» EXERCISE
Give back the whole listing exactly as written, pictures excluded.

INPUT RECORDS section start

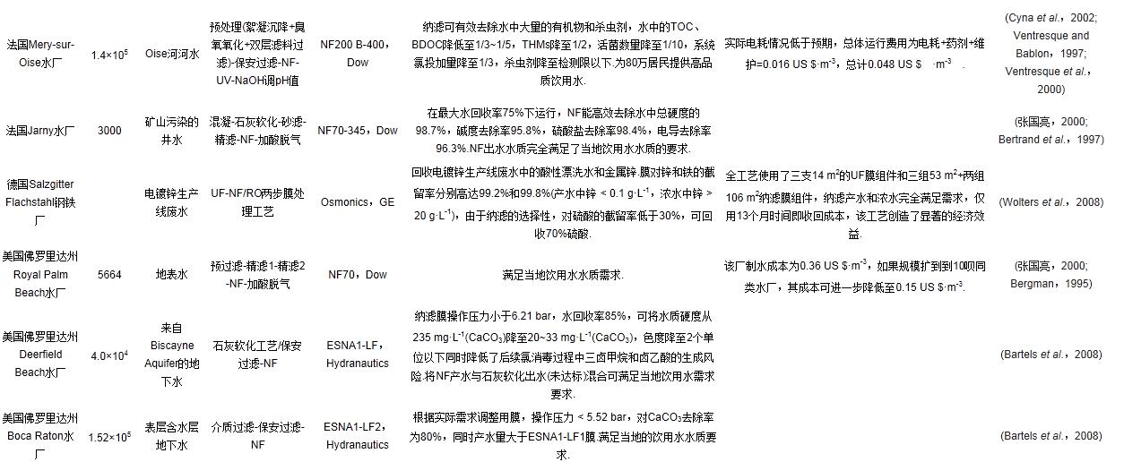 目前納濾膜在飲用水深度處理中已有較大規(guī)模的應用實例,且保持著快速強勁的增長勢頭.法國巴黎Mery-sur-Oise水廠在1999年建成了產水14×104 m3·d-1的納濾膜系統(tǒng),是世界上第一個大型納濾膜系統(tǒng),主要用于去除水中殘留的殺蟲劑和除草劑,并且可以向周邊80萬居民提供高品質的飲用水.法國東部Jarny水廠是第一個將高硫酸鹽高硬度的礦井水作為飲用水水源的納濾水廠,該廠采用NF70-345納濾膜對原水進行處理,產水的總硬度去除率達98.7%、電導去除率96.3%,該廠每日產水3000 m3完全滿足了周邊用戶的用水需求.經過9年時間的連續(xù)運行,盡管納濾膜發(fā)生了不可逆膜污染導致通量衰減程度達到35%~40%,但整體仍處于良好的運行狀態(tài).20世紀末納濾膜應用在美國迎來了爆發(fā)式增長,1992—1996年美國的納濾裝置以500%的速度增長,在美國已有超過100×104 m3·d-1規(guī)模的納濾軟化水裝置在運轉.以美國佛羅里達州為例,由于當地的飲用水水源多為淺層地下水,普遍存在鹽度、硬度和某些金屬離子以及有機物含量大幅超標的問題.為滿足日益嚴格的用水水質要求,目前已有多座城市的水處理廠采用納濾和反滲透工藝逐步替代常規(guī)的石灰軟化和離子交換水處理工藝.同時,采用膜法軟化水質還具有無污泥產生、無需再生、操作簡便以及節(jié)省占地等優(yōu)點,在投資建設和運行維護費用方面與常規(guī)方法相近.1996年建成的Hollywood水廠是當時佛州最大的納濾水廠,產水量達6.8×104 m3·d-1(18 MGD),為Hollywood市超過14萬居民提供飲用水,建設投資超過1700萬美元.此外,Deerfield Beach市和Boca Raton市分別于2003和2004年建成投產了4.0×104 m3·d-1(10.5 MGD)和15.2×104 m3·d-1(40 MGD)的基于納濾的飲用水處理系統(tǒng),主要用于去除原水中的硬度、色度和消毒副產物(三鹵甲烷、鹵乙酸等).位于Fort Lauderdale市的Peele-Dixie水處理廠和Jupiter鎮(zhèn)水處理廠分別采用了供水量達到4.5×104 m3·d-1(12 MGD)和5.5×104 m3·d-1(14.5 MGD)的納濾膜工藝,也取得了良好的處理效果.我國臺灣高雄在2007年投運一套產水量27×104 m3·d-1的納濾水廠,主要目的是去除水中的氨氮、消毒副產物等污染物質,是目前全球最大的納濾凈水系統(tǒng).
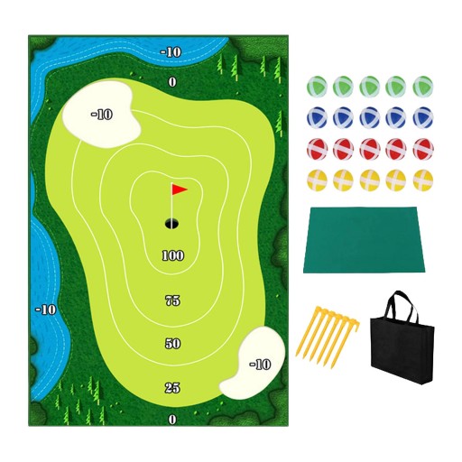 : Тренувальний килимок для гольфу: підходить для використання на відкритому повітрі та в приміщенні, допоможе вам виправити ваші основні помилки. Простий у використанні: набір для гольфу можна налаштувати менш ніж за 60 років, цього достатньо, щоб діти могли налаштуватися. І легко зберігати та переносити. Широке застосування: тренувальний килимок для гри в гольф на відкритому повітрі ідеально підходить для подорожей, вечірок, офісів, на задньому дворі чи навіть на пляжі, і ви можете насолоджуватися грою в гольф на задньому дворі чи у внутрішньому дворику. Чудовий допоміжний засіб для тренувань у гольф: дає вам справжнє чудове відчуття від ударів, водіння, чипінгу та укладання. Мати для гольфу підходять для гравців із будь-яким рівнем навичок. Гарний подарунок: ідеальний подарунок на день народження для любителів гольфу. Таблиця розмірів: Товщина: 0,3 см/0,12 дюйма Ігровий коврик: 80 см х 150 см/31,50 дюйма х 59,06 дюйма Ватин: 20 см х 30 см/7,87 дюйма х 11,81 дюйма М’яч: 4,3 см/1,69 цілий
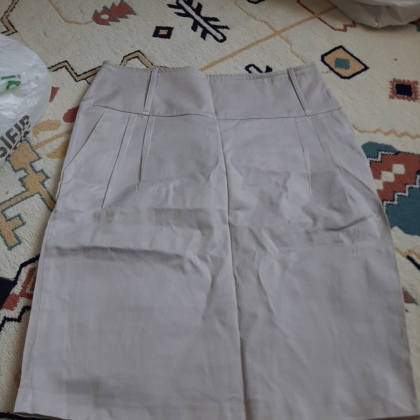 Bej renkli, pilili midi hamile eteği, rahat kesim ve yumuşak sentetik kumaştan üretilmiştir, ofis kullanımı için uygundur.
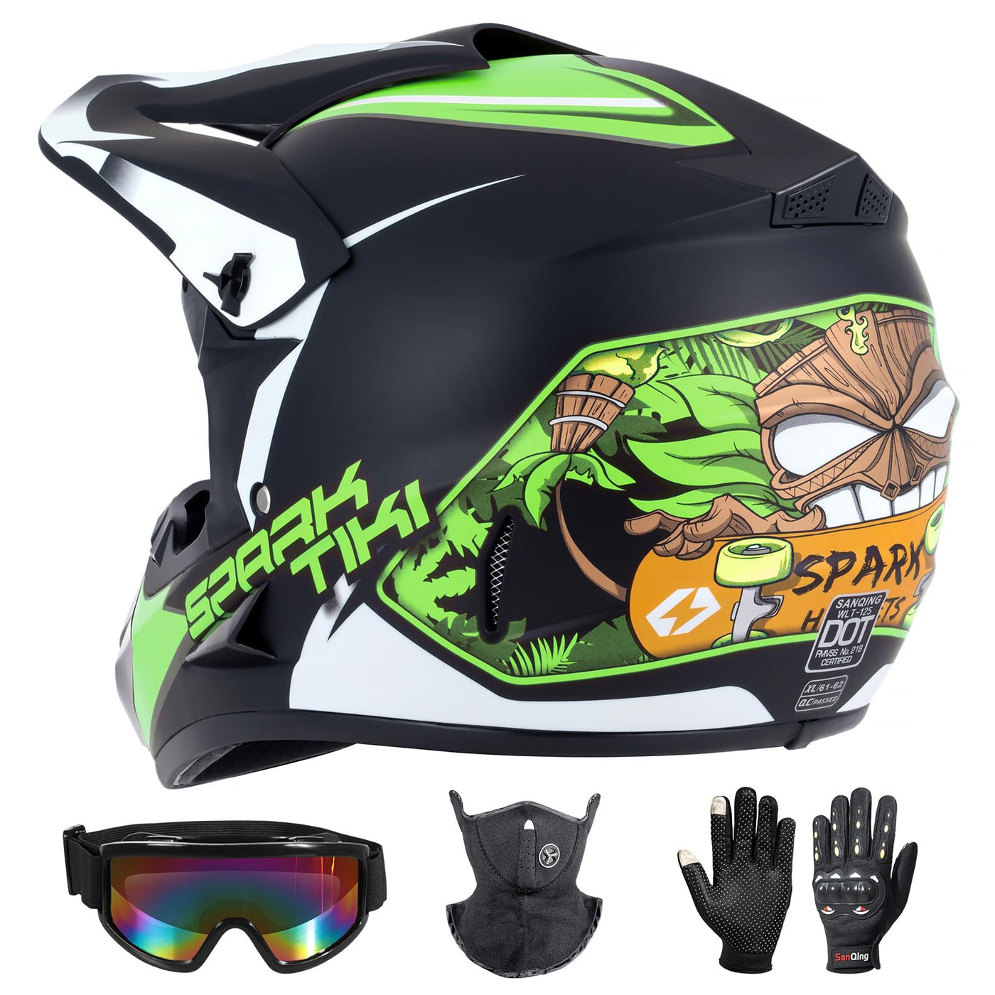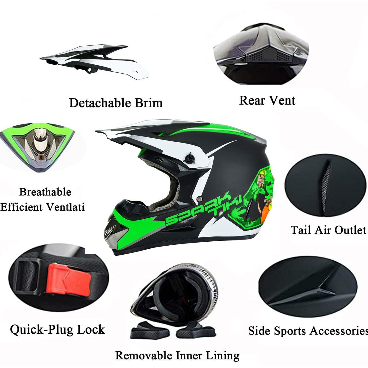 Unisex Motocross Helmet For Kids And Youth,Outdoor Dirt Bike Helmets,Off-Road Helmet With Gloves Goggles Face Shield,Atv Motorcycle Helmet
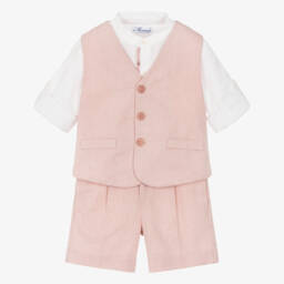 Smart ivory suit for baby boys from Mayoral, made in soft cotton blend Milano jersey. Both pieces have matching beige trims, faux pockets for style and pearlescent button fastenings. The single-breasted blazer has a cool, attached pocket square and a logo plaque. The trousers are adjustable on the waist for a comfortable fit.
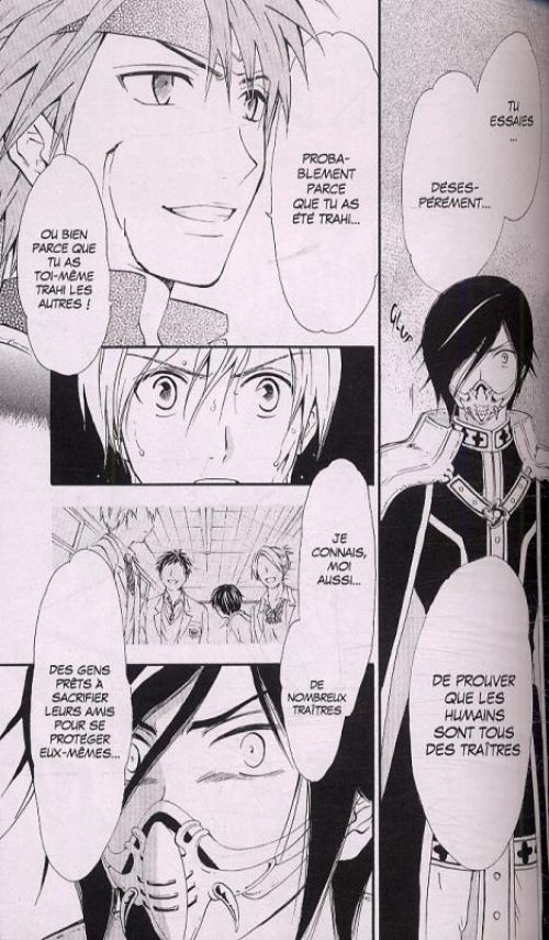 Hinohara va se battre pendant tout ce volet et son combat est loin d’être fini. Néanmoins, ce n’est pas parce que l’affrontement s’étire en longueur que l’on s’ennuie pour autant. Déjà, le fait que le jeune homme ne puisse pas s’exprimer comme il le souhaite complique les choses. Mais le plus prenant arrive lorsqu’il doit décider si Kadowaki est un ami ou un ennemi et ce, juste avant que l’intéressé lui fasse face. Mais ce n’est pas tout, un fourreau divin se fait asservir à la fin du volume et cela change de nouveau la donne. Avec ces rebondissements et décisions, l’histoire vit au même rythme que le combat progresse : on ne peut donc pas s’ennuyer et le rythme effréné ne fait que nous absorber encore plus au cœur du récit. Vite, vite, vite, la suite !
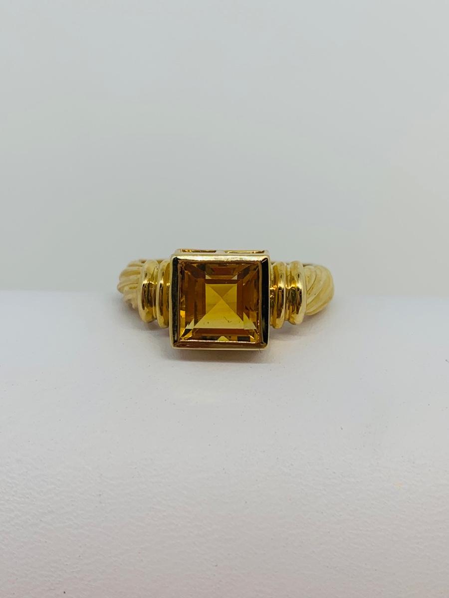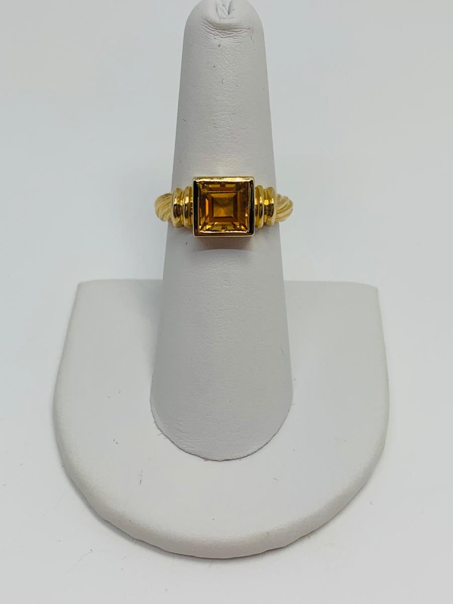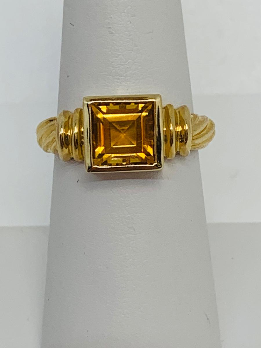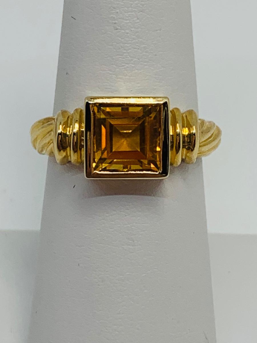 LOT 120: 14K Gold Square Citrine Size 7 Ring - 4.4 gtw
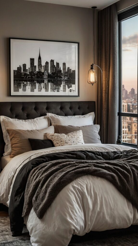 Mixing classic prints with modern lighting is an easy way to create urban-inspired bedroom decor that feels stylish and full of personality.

INPUT RECORDS section end

» REPLY
 目前納濾膜在飲用水深度處理中已有較大規(guī)模的應用實例,且保持著快速強勁的增長勢頭.法國巴黎Mery-sur-Oise水廠在1999年建成了產水14×104 m3·d-1的納濾膜系統(tǒng),是世界上第一個大型納濾膜系統(tǒng),主要用于去除水中殘留的殺蟲劑和除草劑,并且可以向周邊80萬居民提供高品質的飲用水.法國東部Jarny水廠是第一個將高硫酸鹽高硬度的礦井水作為飲用水水源的納濾水廠,該廠采用NF70-345納濾膜對原水進行處理,產水的總硬度去除率達98.7%、電導去除率96.3%,該廠每日產水3000 m3完全滿足了周邊用戶的用水需求.經過9年時間的連續(xù)運行,盡管納濾膜發(fā)生了不可逆膜污染導致通量衰減程度達到35%~40%,但整體仍處于良好的運行狀態(tài).20世紀末納濾膜應用在美國迎來了爆發(fā)式增長,1992—1996年美國的納濾裝置以500%的速度增長,在美國已有超過100×104 m3·d-1規(guī)模的納濾軟化水裝置在運轉.以美國佛羅里達州為例,由于當地的飲用水水源多為淺層地下水,普遍存在鹽度、硬度和某些金屬離子以及有機物含量大幅超標的問題.為滿足日益嚴格的用水水質要求,目前已有多座城市的水處理廠采用納濾和反滲透工藝逐步替代常規(guī)的石灰軟化和離子交換水處理工藝.同時,采用膜法軟化水質還具有無污泥產生、無需再生、操作簡便以及節(jié)省占地等優(yōu)點,在投資建設和運行維護費用方面與常規(guī)方法相近.1996年建成的Hollywood水廠是當時佛州最大的納濾水廠,產水量達6.8×104 m3·d-1(18 MGD),為Hollywood市超過14萬居民提供飲用水,建設投資超過1700萬美元.此外,Deerfield Beach市和Boca Raton市分別于2003和2004年建成投產了4.0×104 m3·d-1(10.5 MGD)和15.2×104 m3·d-1(40 MGD)的基于納濾的飲用水處理系統(tǒng),主要用于去除原水中的硬度、色度和消毒副產物(三鹵甲烷、鹵乙酸等).位于Fort Lauderdale市的Peele-Dixie水處理廠和Jupiter鎮(zhèn)水處理廠分別采用了供水量達到4.5×104 m3·d-1(12 MGD)和5.5×104 m3·d-1(14.5 MGD)的納濾膜工藝,也取得了良好的處理效果.我國臺灣高雄在2007年投運一套產水量27×104 m3·d-1的納濾水廠,主要目的是去除水中的氨氮、消毒副產物等污染物質,是目前全球最大的納濾凈水系統(tǒng).
 : Тренувальний килимок для гольфу: підходить для використання на відкритому повітрі та в приміщенні, допоможе вам виправити ваші основні помилки. Простий у використанні: набір для гольфу можна налаштувати менш ніж за 60 років, цього достатньо, щоб діти могли налаштуватися. І легко зберігати та переносити. Широке застосування: тренувальний килимок для гри в гольф на відкритому повітрі ідеально підходить для подорожей, вечірок, офісів, на задньому дворі чи навіть на пляжі, і ви можете насолоджуватися грою в гольф на задньому дворі чи у внутрішньому дворику. Чудовий допоміжний засіб для тренувань у гольф: дає вам справжнє чудове відчуття від ударів, водіння, чипінгу та укладання. Мати для гольфу підходять для гравців із будь-яким рівнем навичок. Гарний подарунок: ідеальний подарунок на день народження для любителів гольфу. Таблиця розмірів: Товщина: 0,3 см/0,12 дюйма Ігровий коврик: 80 см х 150 см/31,50 дюйма х 59,06 дюйма Ватин: 20 см х 30 см/7,87 дюйма х 11,81 дюйма М’яч: 4,3 см/1,69 цілий
 Bej renkli, pilili midi hamile eteği, rahat kesim ve yumuşak sentetik kumaştan üretilmiştir, ofis kullanımı için uygundur.
 Unisex Motocross Helmet For Kids And Youth,Outdoor Dirt Bike Helmets,Off-Road Helmet With Gloves Goggles Face Shield,Atv Motorcycle Helmet
 Smart ivory suit for baby boys from Mayoral, made in soft cotton blend Milano jersey. Both pieces have matching beige trims, faux pockets for style and pearlescent button fastenings. The single-breasted blazer has a cool, attached pocket square and a logo plaque. The trousers are adjustable on the waist for a comfortable fit.
 Hinohara va se battre pendant tout ce volet et son combat est loin d’être fini. Néanmoins, ce n’est pas parce que l’affrontement s’étire en longueur que l’on s’ennuie pour autant. Déjà, le fait que le jeune homme ne puisse pas s’exprimer comme il le souhaite complique les choses. Mais le plus prenant arrive lorsqu’il doit décider si Kadowaki est un ami ou un ennemi et ce, juste avant que l’intéressé lui fasse face. Mais ce n’est pas tout, un fourreau divin se fait asservir à la fin du volume et cela change de nouveau la donne. Avec ces rebondissements et décisions, l’histoire vit au même rythme que le combat progresse : on ne peut donc pas s’ennuyer et le rythme effréné ne fait que nous absorber encore plus au cœur du récit. Vite, vite, vite, la suite !
 LOT 120: 14K Gold Square Citrine Size 7 Ring - 4.4 gtw
 Mixing classic prints with modern lighting is an easy way to create urban-inspired bedroom decor that feels stylish and full of personality.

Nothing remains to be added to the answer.